Sunday, December 22, 2013

Student Motivation in MOOCs

I've just completed Programming Languages on Udacity with Wesley Weimar.  The goal of the class was to build a bare-bones HTML and JavaScript web-browser, thereby introducing lexing, parsing, and interpreting computer languages.  The final project involved building a non-deterministic finite-state machine that accepts the same language as a subset of regular expressions (using Python Lex-Yacc).

This is the first full-length course I've finished on Udacity.  When compared to something similar on Coursera--in both difficult and quality--I estimate that the course took 50 - 75% longer to complete. The reason is quite simple: there are no deadlines on Udacity, so I procrastinated more.

I speculated previously about retention rates, and it turns out that this is a big deal for Udacity.  This article in Fast Company mentions statistics from a recent study: the completion rate of MOOC-type classes is only 7%.  As a result, the article describes, Udacity is shifting its focus to courses that are more professionally oriented, many in partnership with tech companies.  Presumably, the idea is that the clear goal of potential employment will increase motivation and create value more directly.

At this early stage in online education, it's hard to say whether such changes are for better or for worse--or even to say just what exactly "better" or "worse" means.  On the topic of completion, though, I do think there's a fundamental human trait at play: we're generally curious and eager to learn, but we're not very good at completing tasks without external motivation.  Indeed, the low MOOC completion rate is hardly surprising, given that it's hard enough to get full-time college students paying $50,000 a year to attend lectures regularly.

For traditional colleges, of course, discipline and motivation constitute an important part of the education.  As this article about historical attempts to create radio-based education puts it:
While MOOCs expose students to information, that is not the most fundamental dimension of learning. Perhaps most central to an education are the habits of mental discipline and the motivation it instills. Traditional colleges offer engaged professors who care if students attend class, answer their questions, and help them stay focused. Colleges offer spaces for a type of sociability that broadcast radio and MOOCs have yet to replicate.
I'm not sure that there is a "most fundamental dimension of learning" per se, but it will be interesting to see how MOOCs handle the question of student motivation going forward.

Wednesday, December 4, 2013

Classifying Handwritten Digits

Six weeks into Andrew Ng's Machine Learning class on Coursera, I found a Kaggle competition to classify handwritten digits that's almost identical in nature to one of the programming assignments. This seemed like a good chance for further practice in implementing neural networks.

Quick Start: accuracy ~ 93.5%

I loaded the Kaggle training data and modified code I already had for a 3-layer neural network:

  • 1 hidden layer of 100 nodes, regularization parameter lambda = 0.3
    • Accuracy of ~ 92% after 100 iterations 
In an attempt to improve the regularization parameter lambda, I plotted a number of sample values against their corresponding error rates (% misclassifications).

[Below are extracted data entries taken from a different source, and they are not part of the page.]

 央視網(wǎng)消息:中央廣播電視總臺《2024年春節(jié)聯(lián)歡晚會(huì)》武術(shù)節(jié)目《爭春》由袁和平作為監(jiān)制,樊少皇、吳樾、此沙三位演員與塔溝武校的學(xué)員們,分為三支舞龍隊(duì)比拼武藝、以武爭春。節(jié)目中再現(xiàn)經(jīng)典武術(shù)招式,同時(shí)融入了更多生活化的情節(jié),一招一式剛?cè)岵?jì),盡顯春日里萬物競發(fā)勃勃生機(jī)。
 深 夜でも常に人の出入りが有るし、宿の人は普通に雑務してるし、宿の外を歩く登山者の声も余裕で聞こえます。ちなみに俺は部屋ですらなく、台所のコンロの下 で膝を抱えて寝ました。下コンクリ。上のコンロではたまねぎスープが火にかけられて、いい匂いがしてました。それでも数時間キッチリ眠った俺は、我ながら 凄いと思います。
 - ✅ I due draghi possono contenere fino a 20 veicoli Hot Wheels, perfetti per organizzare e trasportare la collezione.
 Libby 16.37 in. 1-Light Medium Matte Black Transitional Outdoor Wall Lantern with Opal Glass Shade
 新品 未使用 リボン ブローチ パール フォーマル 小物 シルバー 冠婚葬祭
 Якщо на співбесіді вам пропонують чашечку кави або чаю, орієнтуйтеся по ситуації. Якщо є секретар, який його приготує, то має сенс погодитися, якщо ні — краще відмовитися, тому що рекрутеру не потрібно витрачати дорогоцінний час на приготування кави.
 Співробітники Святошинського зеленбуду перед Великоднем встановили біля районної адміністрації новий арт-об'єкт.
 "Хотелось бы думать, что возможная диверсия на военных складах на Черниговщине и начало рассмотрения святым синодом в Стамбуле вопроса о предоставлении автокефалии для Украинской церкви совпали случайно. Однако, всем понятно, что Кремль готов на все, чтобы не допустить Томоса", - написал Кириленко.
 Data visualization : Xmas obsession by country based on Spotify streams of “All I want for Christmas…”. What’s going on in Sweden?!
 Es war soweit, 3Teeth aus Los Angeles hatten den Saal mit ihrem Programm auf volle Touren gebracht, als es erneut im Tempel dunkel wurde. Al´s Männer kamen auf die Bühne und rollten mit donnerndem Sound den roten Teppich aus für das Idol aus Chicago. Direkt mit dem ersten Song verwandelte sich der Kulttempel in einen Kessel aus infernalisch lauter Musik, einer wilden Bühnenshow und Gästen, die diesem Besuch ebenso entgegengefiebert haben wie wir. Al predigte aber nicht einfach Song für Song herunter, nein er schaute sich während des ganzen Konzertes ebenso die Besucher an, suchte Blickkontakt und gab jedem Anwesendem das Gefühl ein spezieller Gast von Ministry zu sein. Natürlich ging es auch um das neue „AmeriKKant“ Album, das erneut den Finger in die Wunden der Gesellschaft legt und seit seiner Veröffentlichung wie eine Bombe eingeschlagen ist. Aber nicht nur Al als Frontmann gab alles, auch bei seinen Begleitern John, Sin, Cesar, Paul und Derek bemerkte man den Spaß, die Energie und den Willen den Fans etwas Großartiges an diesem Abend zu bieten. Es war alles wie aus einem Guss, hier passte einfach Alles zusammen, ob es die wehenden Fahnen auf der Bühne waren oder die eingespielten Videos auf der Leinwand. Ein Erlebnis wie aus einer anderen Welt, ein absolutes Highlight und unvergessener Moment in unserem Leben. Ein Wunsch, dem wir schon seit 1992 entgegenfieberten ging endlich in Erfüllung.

With the caveat that I only ran 10 iterations for each value, lambda = 1 appeared to minimize the cross validation error.  Retraining the network accordingly increased accuracy to ~ 93.5%.  Further training seemed only to increase the variance.

Larger Networks: accuracy ~ 96%

  • 2 hidden layers of 200 nodes each, lambda = 0.01
    • Accuracy of ~ 94.5% after 130 iterations 
  • 1 hidden layer of 500 nodes, lambda = 0.01
    • Accuracy of ~ 96.5% after 75 iterations
Of the handful of networks that I tried, it seemed like a single hidden layer of 500 nodes learned the training examples the most efficiently.  The 75 iterations completed in about an hour and a half.  

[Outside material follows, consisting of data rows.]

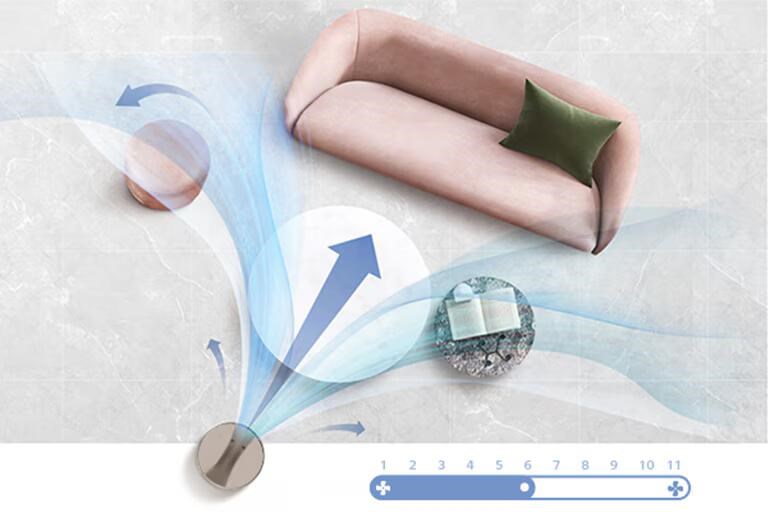 「集中清淨」模式可設置為1 到 11 段數的風力強度,為房間提供涼爽的風。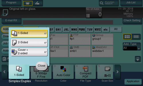 Select the side to scan the original (Simplex/Duplex).
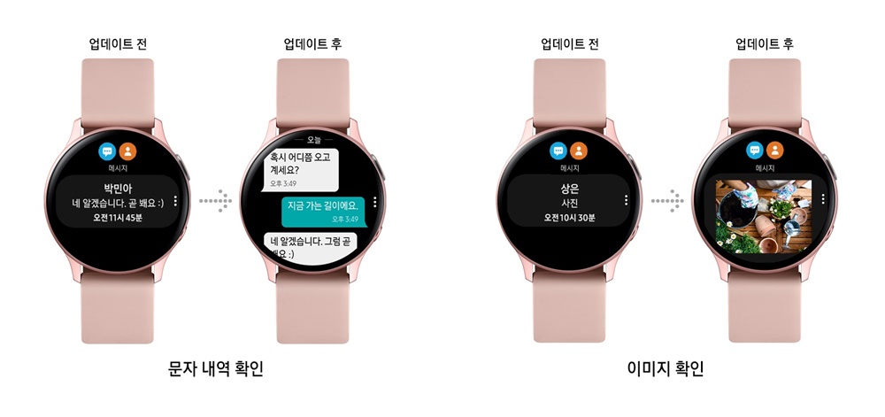 현재는 카톡, 문자의 이미지는 워치에서 볼 수가 없었는데 좋은 기능이 추가가 되네요.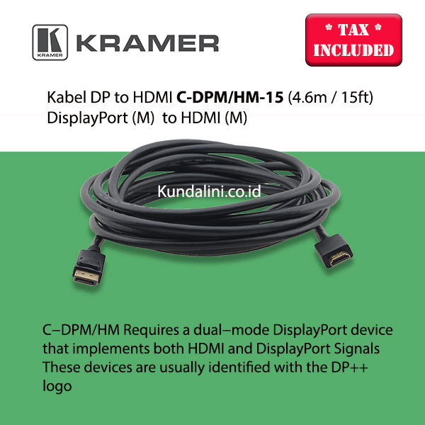 Kramer C-DPM/HM-1 – 4.6m Displayport (M) to HDMI (M) Cable [15ft]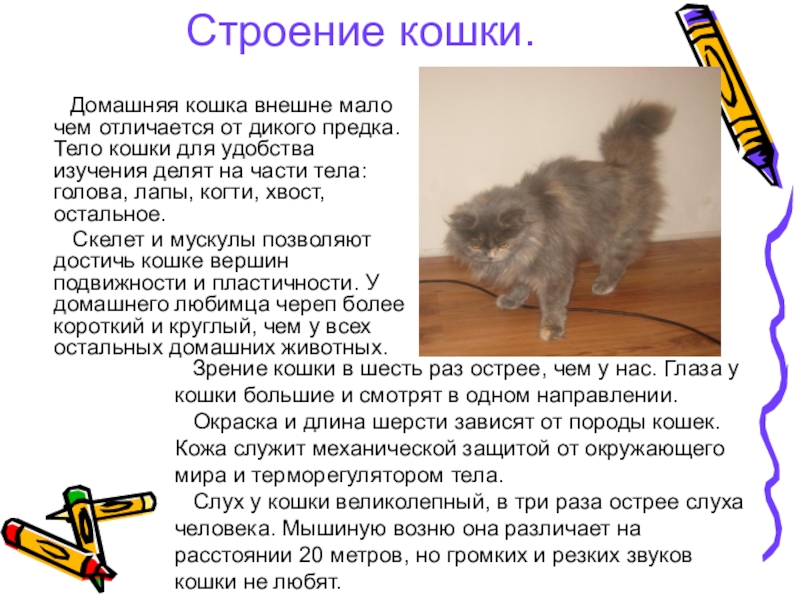 от дикого предка. Тело кошки для удобства изучения делят на части тела: голова, лапы, когти, хвост, остальное.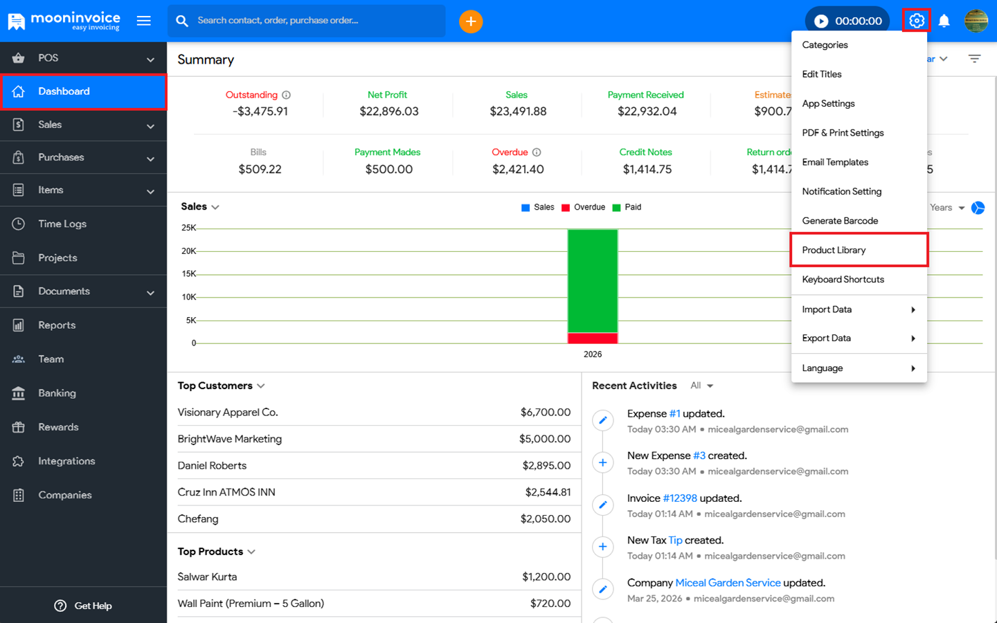 You can easily use the pre-defined product that is present under Moon Invoice by following the steps below: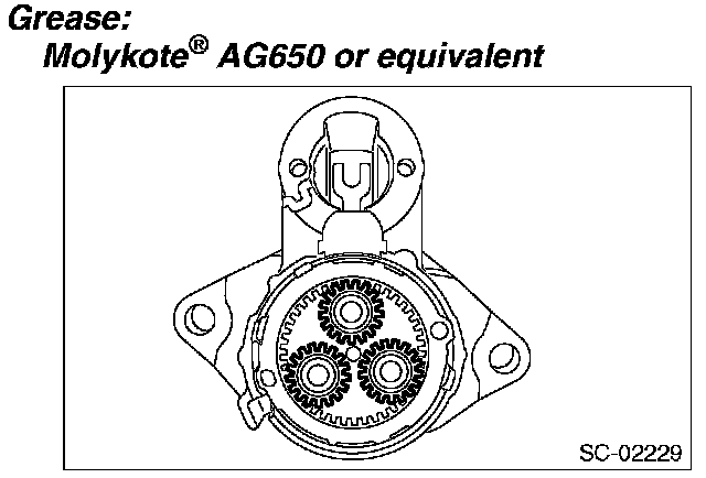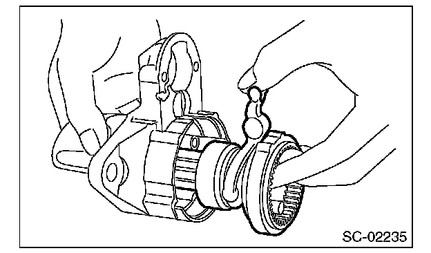 4. Assemble the overrunning clutch, internal gear assembly, shaft and shift lever as a single unit into the starter housing assembly.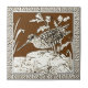 O Azulejo Minton produziu várias séries de azulejos similares de aves no final dos anos 1870 até os anos 80. Observe as paletas ao fundo atrás do pássaro.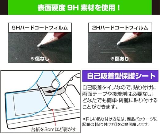 貼っていることを感じさせない透明度、指紋がつきにくいフッ素加工、そして表面硬度9H相当で傷がつきにくい保護フィルムです。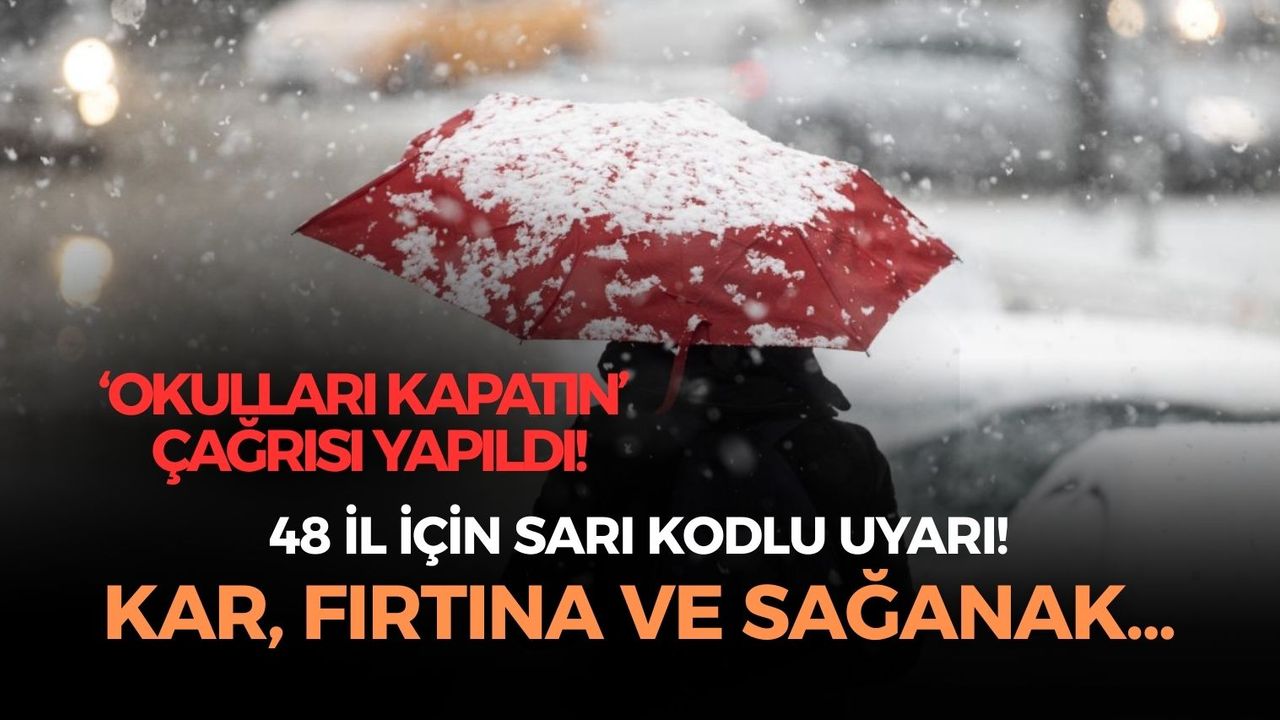 İstanbul ve çevresinde beklenen kar yağışı öne çıksa da, ülke genelinde fırtına, çığ tehlikesi ve gök gürültülü sağanak ihtimali nedeniyle 48 il için “sarı” kodlu uyarı yapıldı. Söz konusu illerde yaşayan vatandaşların tedbirli olması istenirken, Meteoroloji Genel Müdürlüğü’nün resmi internet sitesinde uyarı kapsamındaki iller şu şekilde sıralandı:

As with the initial network, the regularization parameter lambda was chosen by minimizing the error against cross validation data.  After 75 iterations, the network had almost perfect accuracy on the training data (>99.5%), but the accuracy on cross validation and segregated test data hovered around 96%.

At this point, the network appeared sufficiently large to learn the training data -- it just wasn't generalizing well enough for new data.  I tried to lower the variance by running more iterations and including the previously segregated test data as training data, with little success.  A few last thoughts:

  • I'm not sure how to reason about the optimal size and structure of a neural network, given a dataset.  There must be a good way to approach this by taking a subset of data (for reasonable processing time) and running through a number of informed guesses.
  • I calibrated lambda using random initial parameters.  Does it help to reevaluate the regularization along the way, as the network is trained more and becomes more prone to overfitting?

Submission: accuracy ~ 96%

The standing of 170th place is, of course, nothing to write home about -- but it's gratifying after just six weeks of coursework.